Linda Darling-Hammond’s new book, Getting Teacher Evaluation Right, is a detailed, practical guide about how to improve the teaching profession. It leverages the best research and best practices, offering actionable, illustrated steps to getting teacher evaluation right, with rich examples from the U.S. and abroad.
Here I offer a summary of the book’s main arguments and conclude with a couple of broad questions prompted by the book. But, before I delve into the details, here’s my quick take on Darling-Hammond’s overall stance.

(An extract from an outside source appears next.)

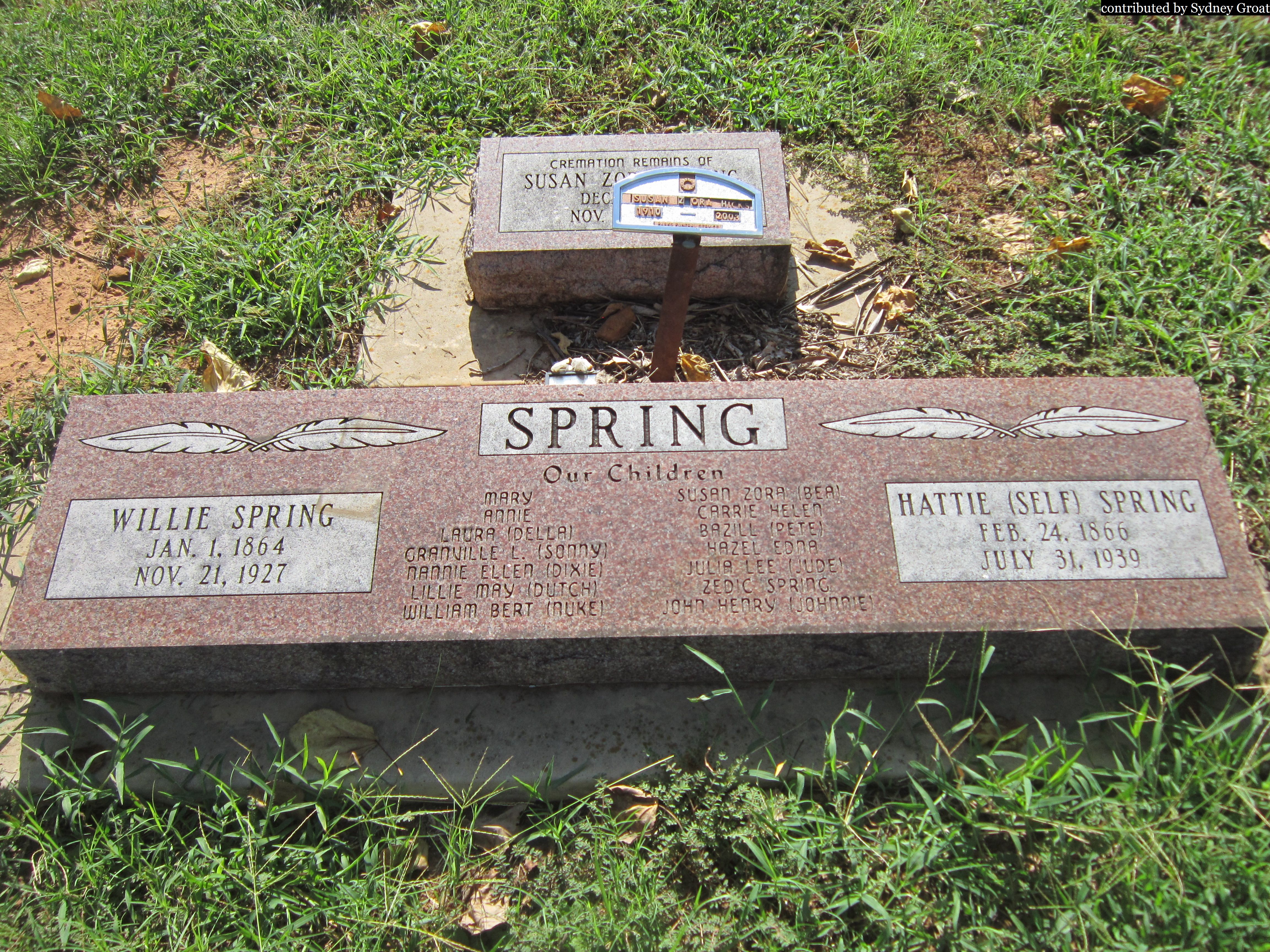 | Spring | William S. "Willie" | 1 Jan 1864 | 21 Nov 1927 | ||

We are at a crossroads in education; two paths lay before us. The first seems shorter, easier and more straightforward. The second seems long, winding and difficult. The big problem is that the first path does not really lead to where we need to go; in fact, it is taking us in the opposite direction. So, despite appearances, more steady progress will be made if we take the more difficult route. This book is a guide on how to get teacher evaluation right, not how to do it quickly or with minimal effort. So, in a way, the big message or take away is: There are no shortcuts.
The original inspiration for the book – says Darling-Hammond, who serves on our board of directors – was the Albert Shanker Institute’s Good Schools Seminar Series, the goal of which is to build a network of union leaders, district superintendents, and researchers by creating a safe, off-the-record space where they can work collaboratively on issues related to improving teaching and learning. Getting Teacher Evaluation Right is a response to requests from these stakeholders, and is intended to help all sides “imagine and create coherent systems for evaluating teachers in ways that support continuous improvement in classrooms and schools.”

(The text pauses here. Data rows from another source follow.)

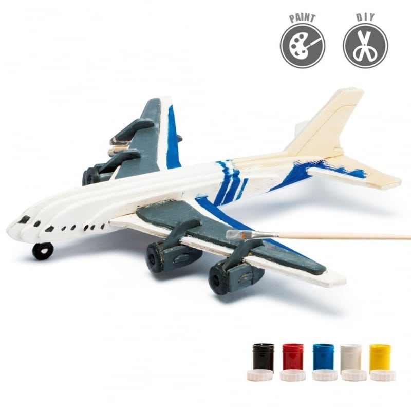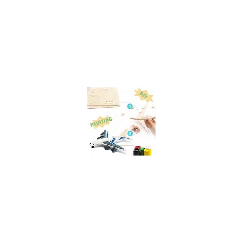 DIY Avión Pasajeros Puzzle 3D para Pintar de Madera
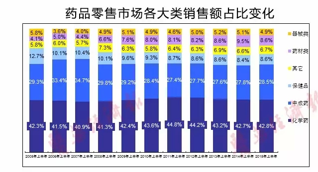 根據(jù)CFDA南方所廣州標點醫(yī)藥信息有限公司中國藥品零售系統(tǒng)監(jiān)測數(shù)據(jù)顯示,2015年上半年藥品零售市場化學藥、中成藥和保健品的銷售額占比分別為42.8%、28.5%和8.6%,化學藥銷售額占比與2014年同期相比上升0.1個百分點,中成藥上升0.7個百分點,保健品上升0.2個百分點,藥材類下降0.9個百分點,器械類下降0.2個百分點。從藥品零售市場各大類銷售額占比變化圖上看到,藥材類銷售額占比下滑較為明顯,中成藥類產(chǎn)品有所提升。
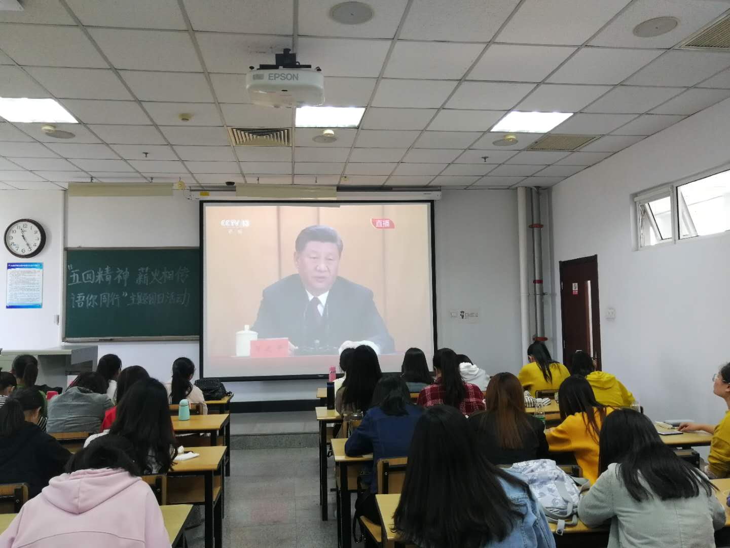 集体观看后,开展了五四精神、薪火相传、语你同行环节,在场的员工从弘扬五四精神出发,结合学习生活工作各方面,寄语青春。2018级研究生支部书记冯晨说,青年员工是国家和民族的未来和期望,因为青年肩负着国家的使命和历史的重任。一百年前,中国青年学子是五四爱国运动中最鲜活的血液,是思想引领者和革命运动的主导力量。一百年后的今天中国进入新时代,作为青年员工的我们更应该自觉担负起时代重任,立鸿鹄志、做奋斗者!英语1806班宣传委员焦辰说,百年前的五月四日,同样曾是青年的他们,走上街头,以青年之躯、青春之血扛起了大厦将倾的华夏民族,掀起了伟大的社会运动之澜。百年后的今天我辈青年站在先辈挽救的中华土地上,爱国主义、感恩之情薪火相传,我辈青年不可退缩,应向历史学习、向先辈学习,在属于我们这个历史时代,书写百年新青年的故事。
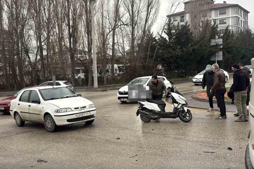 Bolu’da yağmur yağışı sebebiyle kayganlaşan yolda motosiklet ile otomobil çarpıştı. Meydana gelen kazada motosiklet sürücüsü hafif şekilde yaralandı.
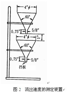 流出速度(flow velocity)是將物料加入于漏斗中測定全部物料流出所需的時間來描述,測定裝置如圖2所示。如果粉體的流動性很差而不能流出時加入100μm的玻璃球助流,測定自由流動所需玻璃球的量(w%),以表示流動性。加入量越多流動性越差。
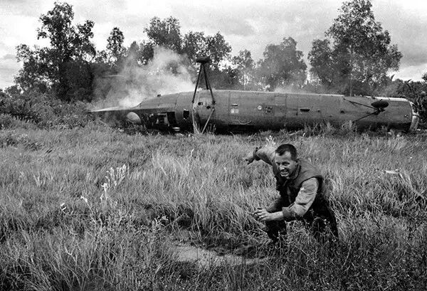 1962年12月11日,一个美国机组成员逃离坠毁在越南南端的直升机。

Despite the recent, intense and controversial focus on teacher evaluation as a means to increasing student learning, “existing [teacher evaluation] systems rarely help teachers improve or clearly distinguish those who are succeeding from those who are struggling.” (p. 24)* One problem is that they are not really systems. Judging from the attention to teacher evaluation these days, one wouldn’t suspect that teacher evaluation is really only one small piece of the educational improvement puzzle: “Changing on-the-job evaluation will not, by itself, transform the quality of teaching.”
We cannot fire our way into Finland, Darling-Hammond says:
We will not really improve the quality of the profession if we do not also cultivate an excellent supply of good teachers who are well prepared and committed to career-long learning. (p. 26)

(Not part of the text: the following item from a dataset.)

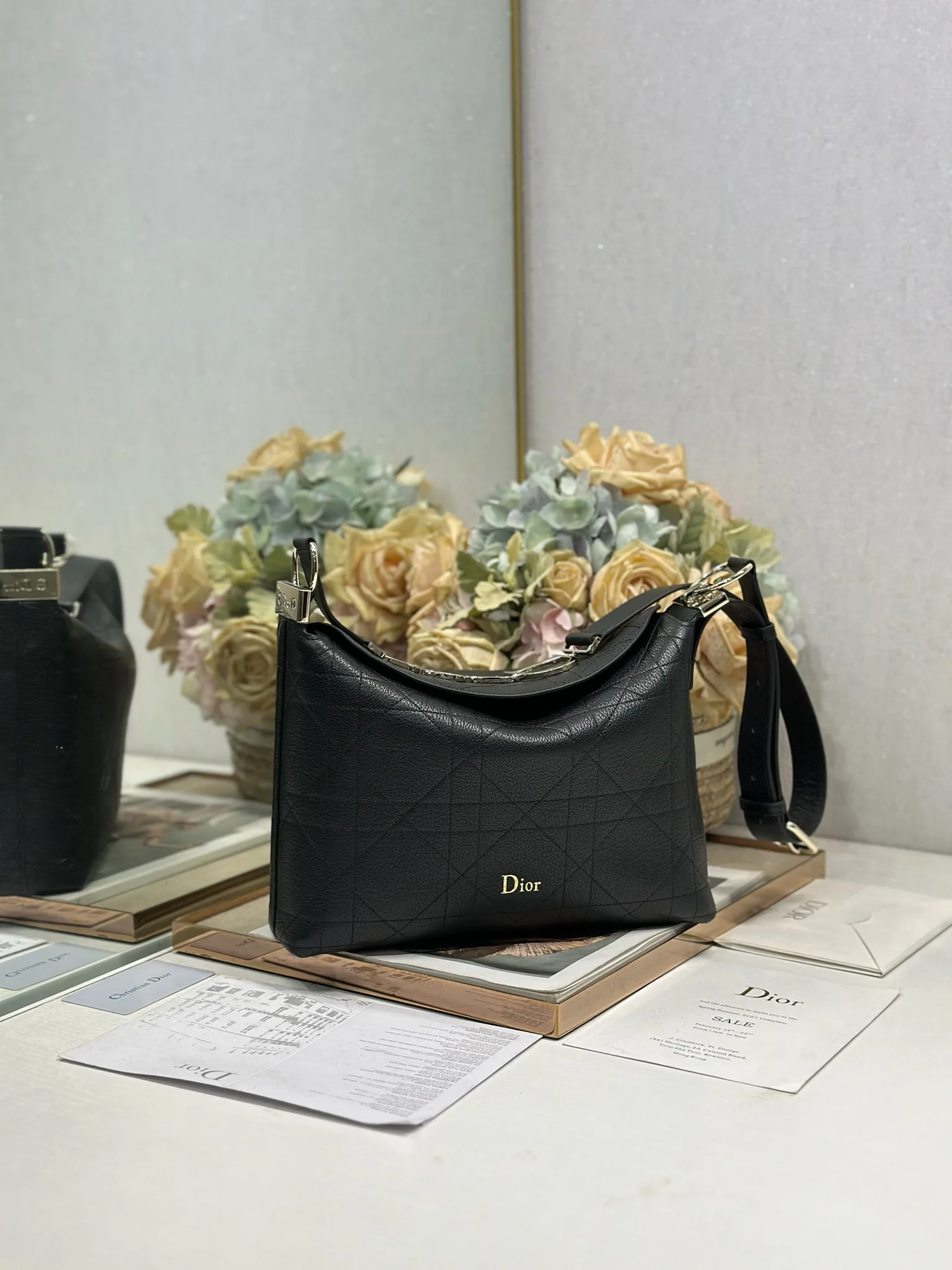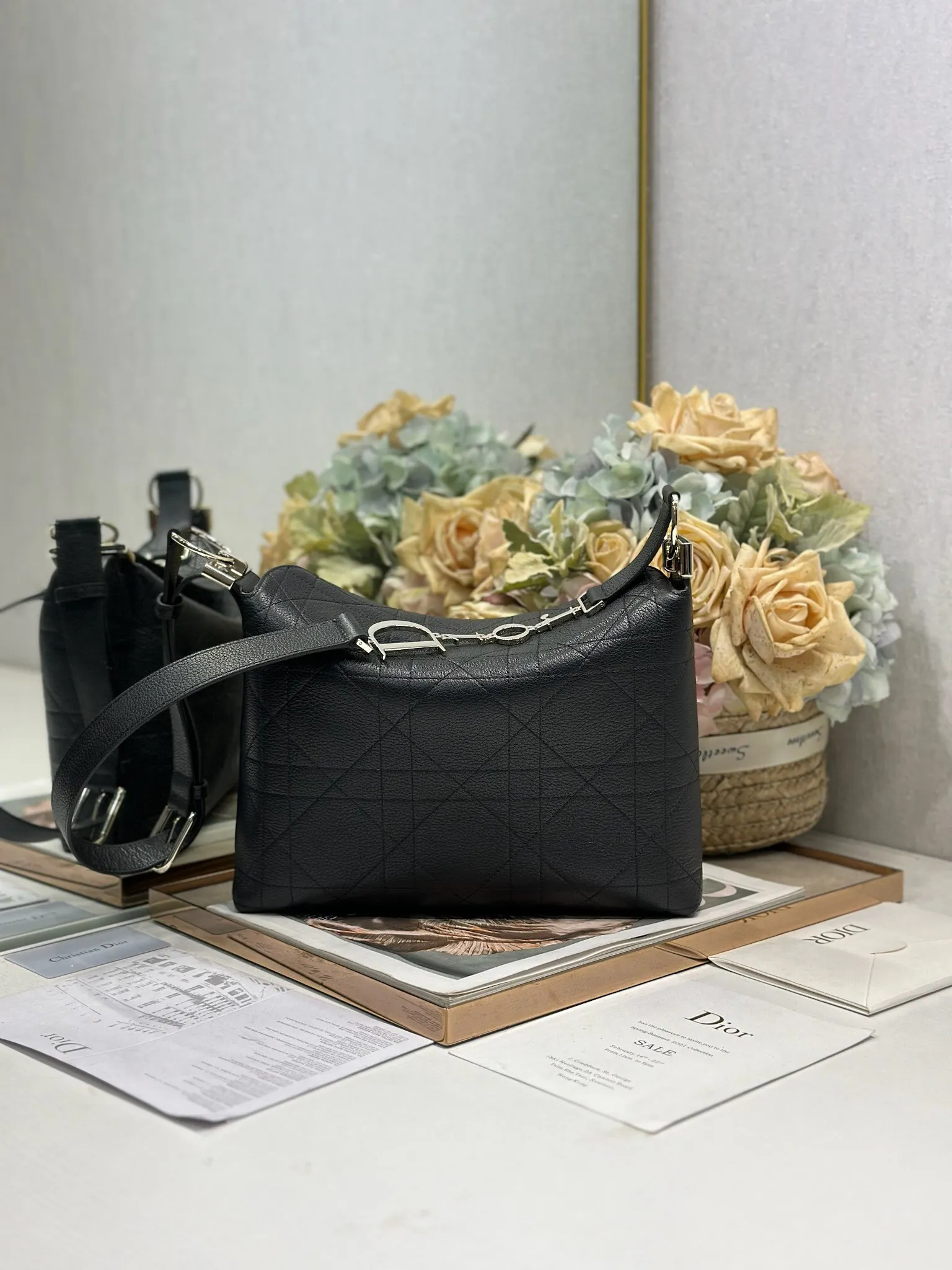 Christian Dior 2026春夏小号手袋系列 黑色山羊纹浅金扣

Getting Teacher Evaluation Right provides a framework for thinking comprehensively about “the development, support, and assessment of teaching,” providing strategies based on research and successful experiences currently found in the field.
A second, important theme is that improving the skills of individual teachers is not enough to bring about large-scale, durable change:
We need to create and sustain productive, collegial working conditions that allow teachers to work collectively in an environment that supports learning for them and their students.
In other words, the way forward does not lie so much with teachers’ human capital as with their social capital or, as Hargreaves and Fullan call it, their professional capital. Carrie Leana and others have brilliantly called this theMissing Link in School Reform and social capital/network scholars refer to the same basic phenomenon as theSocial Side of the Reform Equation. What’s interesting to me is that such diverse disciplines, including sociology, organizational studies, and business management, as well as different methodological approaches, including systems’ thinking, social network analysis, etc. are coalescing around the exact same idea: We need to go beyond the individual and reflect more systematically about the behavior of groups if we are to really address our current educational challenges.
But how do we begin to build this system? What are its components? According to Darling-Hammond, in addition to high-quality curriculum and assessments, the ideal system should include five key elements, discussed in depth in each chapter of the book:
- Common statewide standards.
- Performance-based assessments, based on these standards.
- Local evaluation systems, aligned to the same standards.
- Aligned professional learning opportunities.
- Support structures to ensure proper evaluations, mentoring etc.
We should start with standards, says Darling-Hammond, as do most nations around the world. The Common Core State Standards (CCSS) are a step in the right direction but they will require more open-ended assessments, capable of measuring deeper learning.
Next, work toward evaluation and state licensing and certification systems that are grounded in the same standards, and conceptualized as a continuum, so that they can jointly reinforce teacher development. Well-designed performance assessments for such a system would: 1) capture teaching in action; 2) observe and assess aspects of teaching related to teachers’ effectiveness; 3) consider and examine teachers’ intentions and strategies; 4) look at teaching in relation to student learning; and 5) use rubrics that vividly describe performance standards.